_WHAT TO PRODUCE_
In the listing below, find the line with "1850 6kr HP" and the line with "甲、乙双方本着平等合作、互惠", then return them and every line between them exactly, minus the pictures.

_THE DATA_
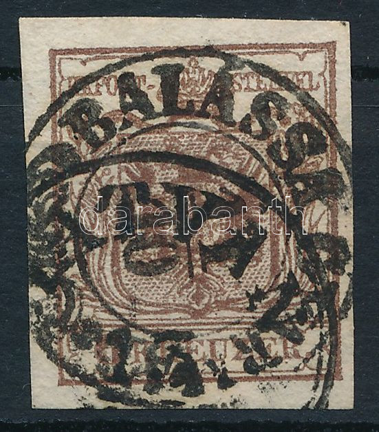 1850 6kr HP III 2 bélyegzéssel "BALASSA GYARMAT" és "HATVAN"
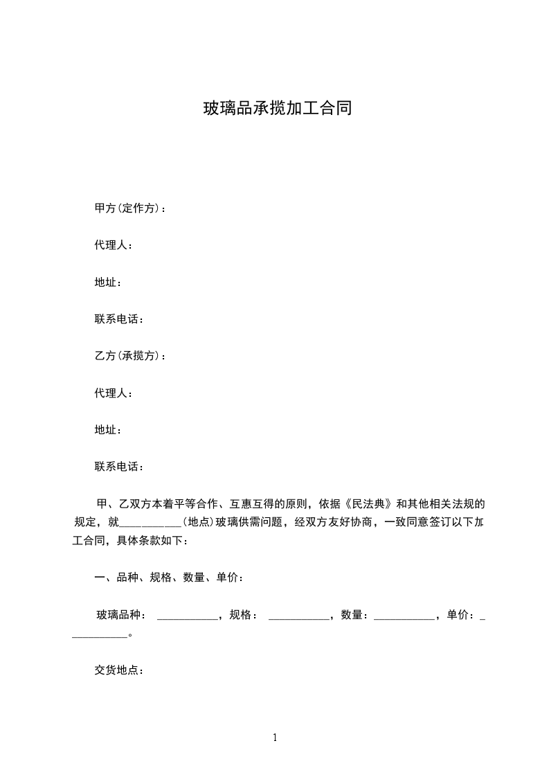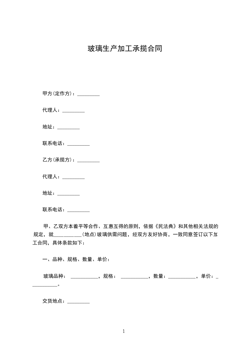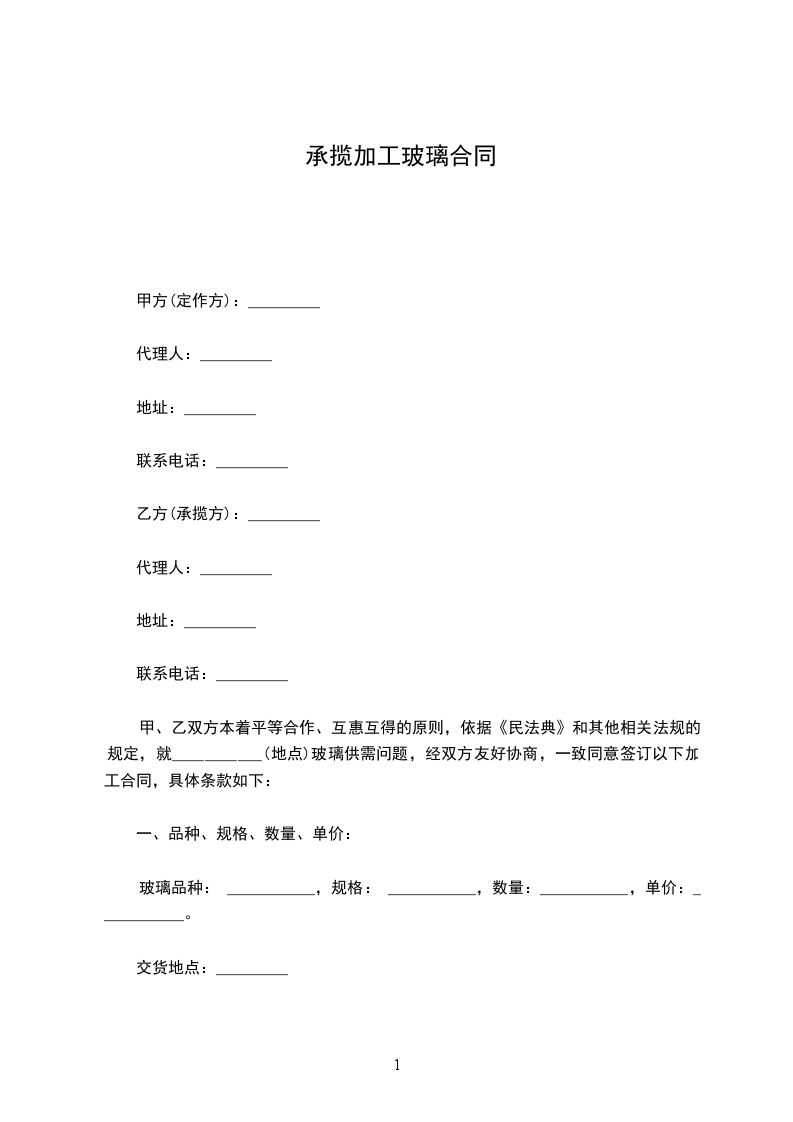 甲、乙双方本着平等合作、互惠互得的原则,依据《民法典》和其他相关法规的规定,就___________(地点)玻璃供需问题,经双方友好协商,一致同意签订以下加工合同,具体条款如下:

--

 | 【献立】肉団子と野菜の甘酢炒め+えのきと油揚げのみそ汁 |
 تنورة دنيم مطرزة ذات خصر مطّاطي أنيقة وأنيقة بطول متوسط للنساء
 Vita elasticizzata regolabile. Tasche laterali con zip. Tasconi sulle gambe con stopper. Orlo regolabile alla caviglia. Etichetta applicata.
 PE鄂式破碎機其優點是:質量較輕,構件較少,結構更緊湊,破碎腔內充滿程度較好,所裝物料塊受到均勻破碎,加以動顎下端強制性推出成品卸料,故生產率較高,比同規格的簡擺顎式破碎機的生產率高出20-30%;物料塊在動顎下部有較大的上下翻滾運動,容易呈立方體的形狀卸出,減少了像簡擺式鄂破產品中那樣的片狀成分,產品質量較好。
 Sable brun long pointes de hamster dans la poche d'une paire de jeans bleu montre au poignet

_FINISHED TASK_
 1850 6kr HP III 2 bélyegzéssel "BALASSA GYARMAT" és "HATVAN"
 甲、乙双方本着平等合作、互惠互得的原则,依据《民法典》和其他相关法规的规定,就___________(地点)玻璃供需问题,经双方友好协商,一致同意签订以下加工合同,具体条款如下:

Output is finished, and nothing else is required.